The clients mostly come from further afield, customers of a new brand of Sicilian travel agency offering Mafia-free holidays at establishments that refuse to pay protection money, or "pizzo".
A group of 50 teenagers from a college in Bologna filled the restaurant one lunchtime with excited chatter. "It's a victory over the Mafia that we're here to eat at this table," said 18-year-old Cristiana.
But the Sicilian Mafia, or Cosa Nostra, are ever-present. "We all still know who the local bosses are right now," says one local. "They're just not the brutal gangster types of the olden days."
Five miles up the road is the town of Corleone. Tourists often pose alongside the sign, not realising that the famous Godfather films were actually filmed elsewhere in Sicily. Judging by the numbers of shop windows displaying bottles of Il Padrino wine, local businesses are happy to exploit the town's on-screen association with violence.
Corleone, though, is still home to powerful Mafia families.
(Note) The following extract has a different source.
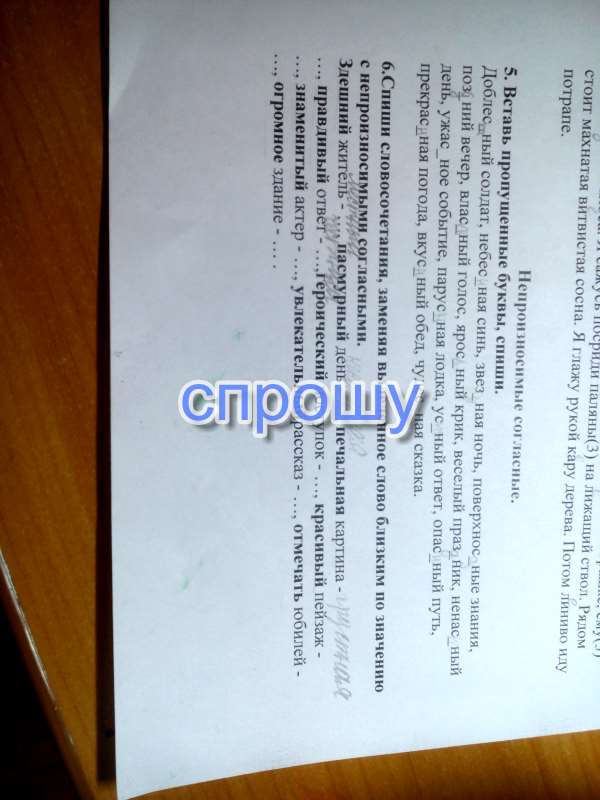 5. Доблестный солдат, небесная синь, звездная ночь, поверхностные знания, поздний вечер, властный голос, яростный крик, веселый праздник, ненастный день, ужасное событие, парусная лодка, устный ответ, опасный путь, прекрасная погода, вкусный обед, чудесная сказка.

There are no visible clues to the wealth that is said to lie behind the firmly shuttered doors and windows of its narrow streets.
Yet right in the heart of the town, another jailed Mafia boss's home has been radically transformed. Bernardo Provenzano, dubbed The Tractor for his ruthless trait of mowing people down, was arrested and jailed in 2006. Now the giant sign outside his front door says "Bottega della Legalita" or "Shop of Legality".
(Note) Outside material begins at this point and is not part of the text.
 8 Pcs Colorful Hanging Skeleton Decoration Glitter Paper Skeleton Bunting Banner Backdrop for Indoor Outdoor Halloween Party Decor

The ground floor is a shop selling pasta, sauces and wine produced by co-operatives now farming former Mafia land. The shelves were sparsely stocked and there was a distinct lack of customers, I noticed.
"That's because it's absolutely impossible to shop here unseen," explained shop manager Liborio Grizzaffi, gesturing through the open door to the street. Apparently one of Provenzano's relatives still owns the house opposite.
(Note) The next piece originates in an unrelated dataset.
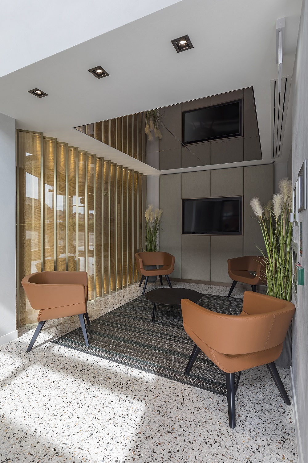 Right from the reception with its dramatic atrium, cascading light feature and moss wall, this stunning space portrays the O'Connor brand in every feature. Warm colours and rich textures such as the copper accents and tan leather upholstery create a homely environment and one that allows employees and clients alike to feel at home. The breakout space on the ground floor continues this 'home' vibe, providing a welcoming and rewarding space for employees to collaborate and socialise. Moving on through the ground floor, an expansive gym, fully-equipped, gives employees the opportunity to exercise on-site and further enhance the employee experience. Dedicated shower, toilet and locker facilities suite in with the quality and feel of the rest of the space.

"The older generation is still fearful. But the very fact we are here in Provenzano's family home would have been unthinkable a decade ago. Actually some housewives are now realising that our pasta sauce is really rather good."
Above the shop is an exhibition that aims to change perceptions of Mafia culture among younger generations.
Particularly disturbing is the tribute to murdered children, including one 11-year-old boy, kidnapped, strangled, and then dissolved in acid. There are also portraits of men and women who bravely fought against the Mafia. Most met unhappy endings.
We turned a corner into a side room showing Mafiosi arrests. And suddenly there he was. Bernardo Provenzano. The building's notorious former owner. Large as life - but fortunately made of cardboard.
There's also a portrait of Giovanni Brusca, a brutal criminal responsible for the kidnap and murder of that poor 11-year-old. The wine sold in the shop downstairs is now produced on Brusca's former vineyards between Corleone and Palermo.
Seven years ago I visited the co-operative setting up legal wine production on this land. Back then, locals were reluctant to work there, some reported intimidation and there were several arson attempts.
Today it feels very different. More than 100 people are employed at the Centopassi vineyards, and I saw construction workers building a new visitor centre and tasting room.
"It feels a little bit like a revolution," says manager Stefano Palmero. "People from nearby towns can choose to work here instead of in Mafia-connected firms."
These vineyards produced 300,000 bottles of wine this year. However, most is sold in Northern Italy rather than in Sicily itself.
"Many Sicilian supermarket chains are still run by Mafia interests," explains Lucio Guarino, director of the agency that manages the confiscated land in Sicily.
"We absolutely refuse to deal with them. It sounds mundane but supermarkets are incredibly important now for the Mafia's control over the land and economy."
Breaking the domination of the Mafia in this part of Italy will be a long process.
Transforming confiscated properties into ethical businesses is certainly a start. Already they're attracting tourists and providing employment in tough economic times, and for the younger generations they're a tangible symbol of legality and hope.